Patients have also observed the benefits: The National Center for Biotechnology Information, after assessing years of research, determined that “studies have shown that users are quite satisfied with their hearing aids.”

Similarly, the latest MarkeTrak consumer satisfaction survey discovered that, for patients with hearing aids four years of age or less, 78.6% were pleased with their hearing aid effectiveness.

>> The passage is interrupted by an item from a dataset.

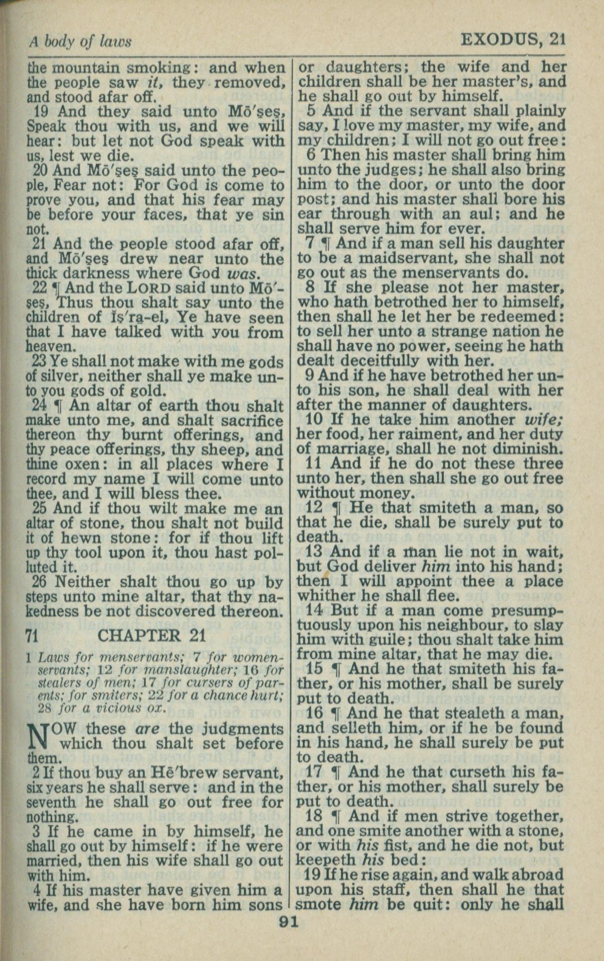 1946年King James Version 出埃及記 20 章 19 節到 21 章 19 節

9. More than 200 medications can trigger hearing loss

Here’s a little-known fact: certain medications can damage the ear, causing hearing loss, ringing in the ear, or balance problems. These medications are considered ototoxic.

In fact, there are more than 200 identified ototoxic medications. For more information on the specific medications, visit the American Speech-Language-Hearing Association.

10. Professional musicians are 57 percent more liable to suffer from tinnitus

In one of the biggest studies ever performed on hearing disorders linked with musicians, researchers discovered that musicians are 57 percent more likely to be affected by tinnitus—prolonged ringing in the ears—as a result of their work.

If you’re a musician, or if you attend live shows, defending your ears is crucial. Ask us about customized musicians earplugs that ensure both safe listening and preserved sound quality.

Which of the 10 facts was most surprising to you?

Tell us in a comment.

The site information is for educational and informational purposes only and does not constitute medical advice. To receive personalized advice or treatment, schedule an appointment.